Sehr geehrter Herr Gahn,

Sie schreiben:

Dass wir es in der causa Eichstätt mit einem Medienhype zu tun
haben, zeigt ein Vergleich mit den Verkaufsideen des Herrn
Oettinger in der LB Karlsruhe. Dieser tatsächliche Skandal wird -
gemessen am Grad der Aufmerksamkeit - mit den Eichstätter
Vorkommnissen praktisch auf eine Stufe gestellt. Es mögen in
Eichstätt Dinge vorgekommen sein, die nicht hinnehmbar sind. Wie
gesagt: ich weiß das nicht und mag darüber nicht urteilen. Aber für
die Wertung, die die Sache in der Öffentlichkeit bekommen hat,
fehlt mir jedes Verständnis (mal ganz abgesehen von den vielen
ekelhaften Vorverurteilung all derjenigen, die ganz genau Bescheid
zu wissen meinen). Ich bekomme heute von Leuten Zeitungsausschnitte
aus ihren Tageszeitungen über die schlimmen, schlimmen
Wegwerfaktionen in Eichstätt zugesandt mit der entsetzten Anfrage
an mich, wie so etwas möglich sei. Mit denselben Leuten saß ich
noch vor ein paar Monaten an einem Tisch und mußte ihnen darlegen,
warum der geplante Verkauf wertvoller Handschriften der LB
Karlsruhe wirklich keine gute Idee war (so vorsichtig musste man
über diesen Wahnsinn reden).

Mich wundert das gar nicht. Schön für Sie, daß Sie Ihre Empörung so
fein dosieren können, und die hausgemachten Skandale gar nicht erst
als solche wahrnehmen. Aber die Leute, mit denen Sie da noch vor ein
paar Monaten an einem Tisch saßen und die Ihnen jetzt entsetzte
Anfragen schicken, wie so etwas möglich sind, diese Leute haben
vielleicht damals durchaus - möglicherweise zum erstenmal - etwas
begriffen von dem, was in der ganzen Diskussion um die Causa Karlsruhe
ja auch vermittelt werden sollte, nämlich Respekt vor gewachsenen
Sammlungen, Wahrnehmen von Büchern und Handschriften als
Kulturgut, das im Ensemble nicht nur Texte, sondern auch Lebens-
geschichte der jeweiligen Besitzer und Leser transportiert.

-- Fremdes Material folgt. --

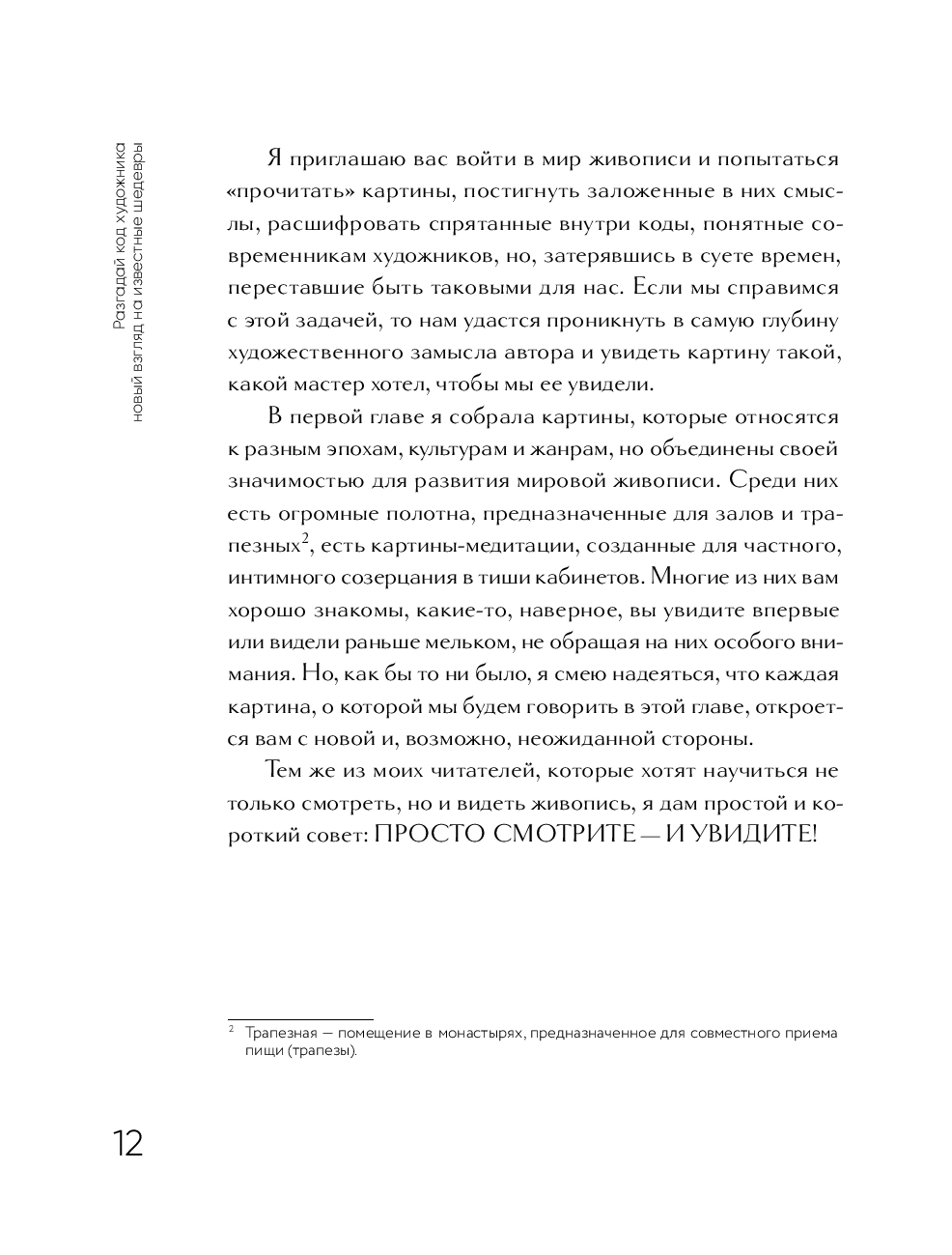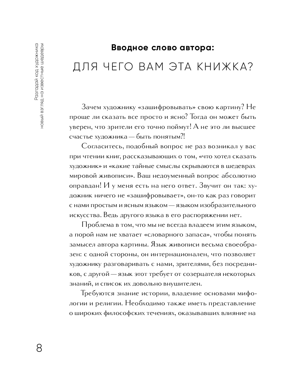 В этом удобном и компактном путеводителе по картинам находятся шифры, которые художники оставили для будущих поколений! Здесь не просто рассуждения автора о главных мировых шедеврах: на страницах вы найдете причинно-следственные связи, сможете погрузиться в исторический контекст и узнать личные истории художников.

Diese Leute verstehen - völlig zu Recht - nicht, wieso die Bibliothekare
laut aufheulen, wenn man staatlicherseits ihre kostbaren Handschriften
(das "alte Papier im Keller", wie es der FDP-Justizminister Prof. Dr.
Ulrich Goll verächtlich genannt hatte) verscherbeln will, während
dieselben Leute allenfalls peinlich berührt schweigen oder nun gar von
"Medienhype" sprechen, wenn - frei nach dem Motto "Neue Besen
kehren gut" - eine neue Bibliotheksdirektorin die fachlich verantworteten
Erwerbungsentscheidungen ihres mit Festschrift und allem PiPaPo
in Ehren verabschiedeten Vorgängers im Amt kurzerhand über den
Haufen wirft, groß "ausmistet" und 100.000 Bücher aus den
Kapuzinerklöstern Bayerns auf den Müll wandern lässt und von dort
in die Müllverbrennungsanlage. 

Wenn dabei - nach dem Motto "Wo gehobelt wird, da fallen Späne" 
auch Drucke des 17. Jahrhunderts in den Containern landen, dann 
sorgt das mit Recht in der Presse für Aufsehen. 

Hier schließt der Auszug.